Open XieKaiwen opened 5 months ago
Hi @XieKaiwen, I'll reply to you as soon as possible. Indeed, it's an important issue.
Hi @wondervictor ... Any update regarding this? Thanks!
Hi fellow TIL 2024 participant,
2 things i can point out from your provided info.
As an addon, folks at Ultralytics has implemented yolo world v2 training in a much easier to use way. You can check that out. This repository is more for academic use which could explain its general lack of documebtation, but much higher flexibility, which you probably dont need yet.
How do you define your custom dataset and what method do you use to add the caption?
@CZ999-07 I followed the format in the LVIS dataset. and the captions I merged the name of all the different objects in the image into one sentence, then I used the negative tokens and positive tokens to indicate each one for the annotations.
我遵循了LVIS数据集中的格式。在标题中,我将图像中所有不同对象的名称合并为一个句子,然后我使用负标记和正标记来表示注释中的每一个。
The custom dataset I used for fine tuning, the dataset is the traditional yolov5 format converted to coco format, nothing else has changed. I don't have a caption for it, I want to implement a way to give the model some linguistic cues to make it more accurate when reasoning, so I think the dataset should have a caption for that, is it one for each category, or for all targets in a picture, for example, for a picture of an apple tree with a lot of fruits on it, is it just a caption for the this category of apples or every apple.

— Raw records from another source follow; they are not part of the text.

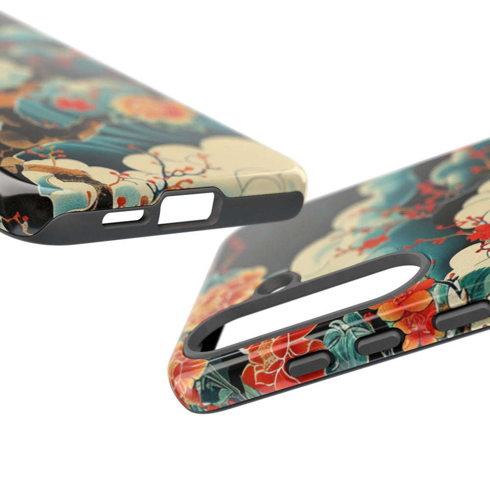 Dit ontwerp toont een gestileerde tak met oranje en rode bloemen, tegen een sfeervolle achtergrond van draaiende wolken en een grote oranje maan. De bloemen zijn rijk gedetailleerd met groene bladeren, terwijl de wolken in zachte crème- en groentinten zijn weergegeven. De donkere achtergrond laat de levendige bloemen extra opvallen. De afbeelding is gedrukt op een glanzend, stevig hoesje van polycarbonaat en TPU, dat dubbele bescherming biedt en geschikt is voor draadloos opladen.
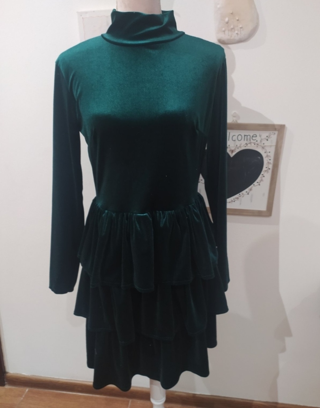 Nádherné zamatové šaty,boli použité 1x,veľ uvedená L ,zdajú sa mi menšie ,viď miery, elastické
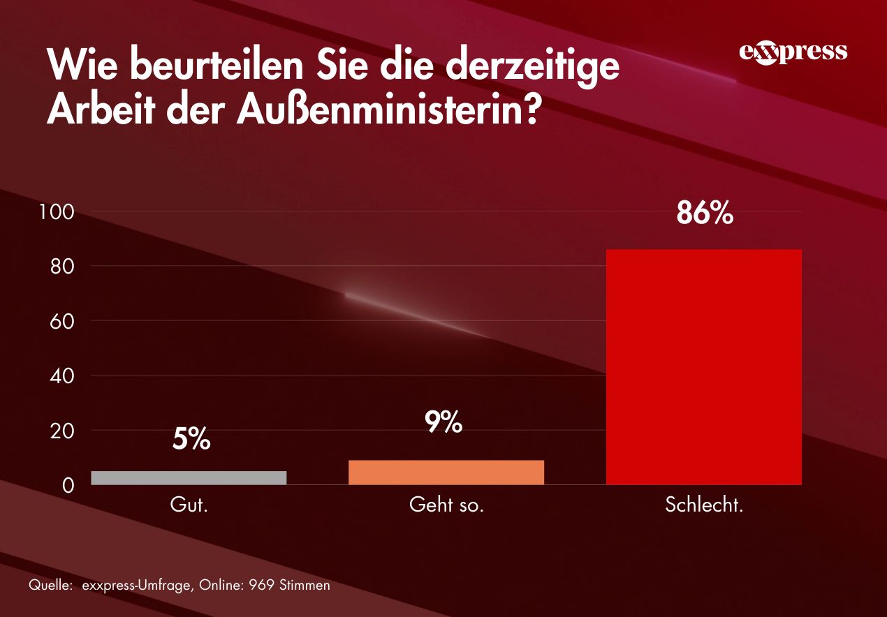 Eine aktuelle exxpressTV-Umfrage zur Arbeit von Außenministerin Beate Meinl-Reisinger in der Nahost-Krise zeigt ein deutlich kritisches Stimmungsbild unter den Lesern. Hintergrund ist die derzeit laufende Organisation von Rückholaktionen für österreichische Staatsbürger aus der Krisenregion.
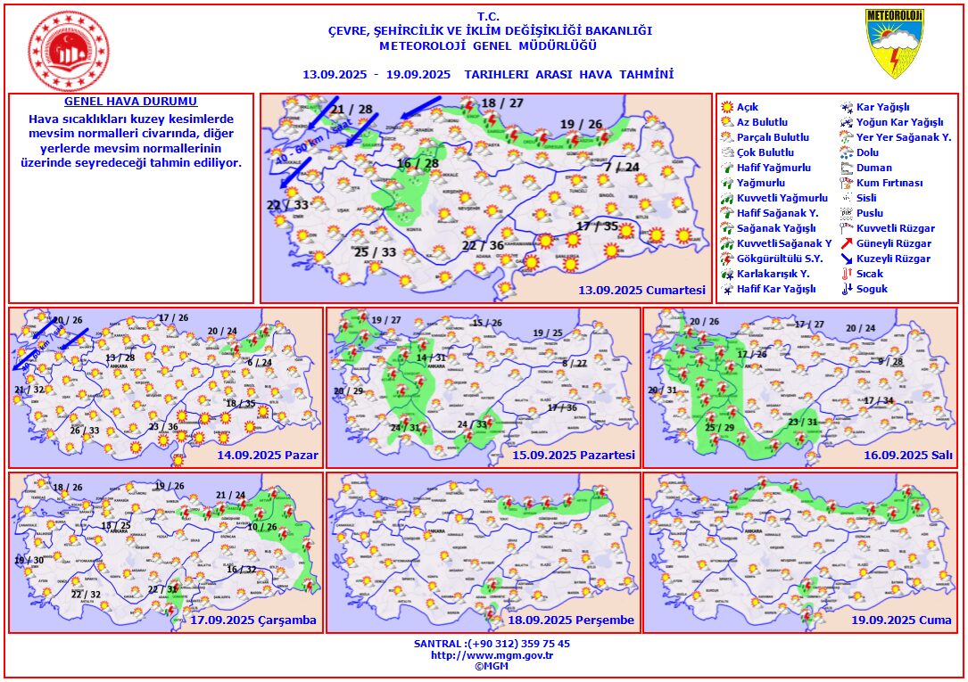 13 Eylül Cumartesi: Parçalı Bulutlu, 17 / 30 °C
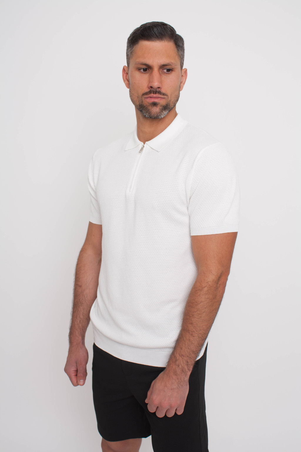 Slim Fit szabású, fehér galléros magában mintás kötött póló, puha vékony anyagból, gumis kézelővel és alsó szegéllyel
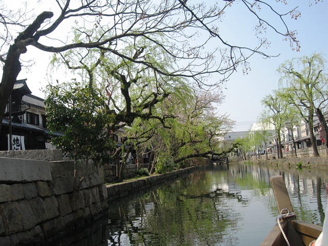 定員5名の小さな舟に乗って、倉敷川を遊覧しました。木造の船に座っていると、体のすぐ横に倉敷川の水面があり、川に親近感を感じました。道を歩いて散策しているときと目線の高さが違うので、また景色が違って見えて新鮮でした。船頭さんの説明を聴きながら、のんびりと川の両側の建物や川岸に造られた雁木などを見学しました。想像していたよりもずっと楽しい時間を過ごすことができましたが、定員が少ないので早い目にチケットを確保しておいたほうが確実だと思いました。チケットは美観地区内の観光案内所・倉敷館で販売されていました。

Also, is there any method script required to add caption to a dataset. I am a novice in this area, thanks for answering this question.
@CZ999-07 You captions really depends on how you want to use the model. I merged all the names of the different classes into one sentence, e.g. "plane . helicopter . missile ." because the only thing I was doing was doing open-set detection, and nothing other than that, I did not have to include any complex reasoning in my captions, e.g. "upside down plane" or something like that.
So in your example for apples, if you want to detect each apple individually, then u can follow my format, which is just "apple". But lets say u only want to detect the apples on the tree, then ur caption needs to be more complicated like "apples on the tree" instead of just "apple". In the end it just depends on what u want to do with ur model. So if you want to have a bounding box over all of the apples in ur picture, u just need to use "apple" as the text prompt.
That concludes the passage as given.